Objective Management of young-onset movement disorders is often challenging. The ideal approach requires a broad spectrum of skills and knowledge of the clinician, including (1) correct classification; (2) differentiation of normal and abnormal development; (3) knowledge of the possible acquired and genetic aetiologies, including metabolic diseases; and (4) knowledge of current genetic diagnostic strategies. Therefore, we initiated a specialised multidisciplinary outpatient clinic for young-onset movement disorders, with a team consisting of an adult neurologist specialised in movement disorders, paediatric neurologist, clinical geneticist and paediatrician specialised in metabolic diseases and genetics. The aim of this observational study was to report our experience. Methods The medical records of the first 100 patients who visited the multidisciplinary outpatient clinic were reviewed. We compared the movement disorder classification, (supposed) etiological diagnosis and treatment strategies before and after the visit. In addition, we evaluated the effects of initiated therapies as reported by the patients or their caregivers. Results Patients (n=100) had an age of 12.5 years ± 6.3 and 56 of them were boys.
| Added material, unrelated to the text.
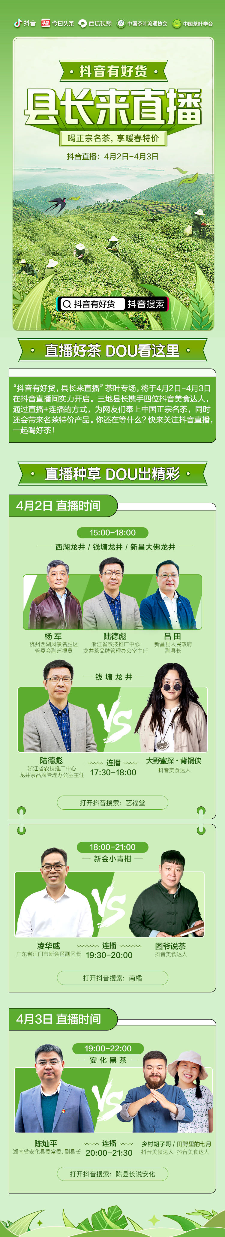 从4月2日至5月初,“县长来直播”春茶专场系列活动计划将陆续组织包括浙江西湖龙井、江苏洞庭碧螺春、安徽黄山毛峰、河南信阳毛尖等中国传统十大名茶在内的全国近20个代表性名茶产区县长走进抖音直播间,向网友们介绍当地茶叶,在分享茶香的同时,提升产品认知度和品牌影响力,带动茶农们增收。

The mean onset age of the symptoms was 3.4 years ± 5.3. Referring specialists were predominantly (paediatric) neurologists (74%) with as main referring questions classification (50%), etiological diagnosis (38%) and treatment options for the movement disorder (42%). In 58 patients movement disorder classification was revised, especially from ataxia and tremor to myoclonus. Differences in etiological diagnosis were particular made in the genetic domain where the confirmed genetic diagnosis in patients almost doubled from 17 to 32. The team changed the treatment strategy in the majority of the patients (60%). In 70% (n=40) patients and/or their caregivers reported a subjective positive effect three to six months after initiation. Conclusion The results of this observational study indicate that multidisciplinary specialist care significantly contributes to the diagnosis and treatment of young-onset movement disorders.

Reversal of Status Dystonicus after Relocation of Pallidal Electrodes in DYT6 Generalized Dystonia

Background DYT6 dystonia can have an unpredictable clinical course and the result of deep brain stimulation (DBS) of the internal part of the globus pallidus (GPi) is known to be less robust than in other forms of autosomal dominant dystonia. Patients who had previous stereotactic surgery with insufficient clinical benefit form a particular challenge with very limited other treatment options available. Case Report A pediatric DYT6 patient unexpectedly deteriorated to status dystonicus 1 year after GPi DBS implantation with good initial clinical response. After repositioning the DBS electrodes the status dystonicus resolved. Discussion This case study demonstrates that medication‐resistant status dystonicus in DYT6 dystonia can be reversed by relocation of pallidal electrodes. This case highlights that repositioning of DBS electrodes may be considered in patients with status dystonicus, especially when the electrode position is not optimal, even after an initial clinical response to DBS.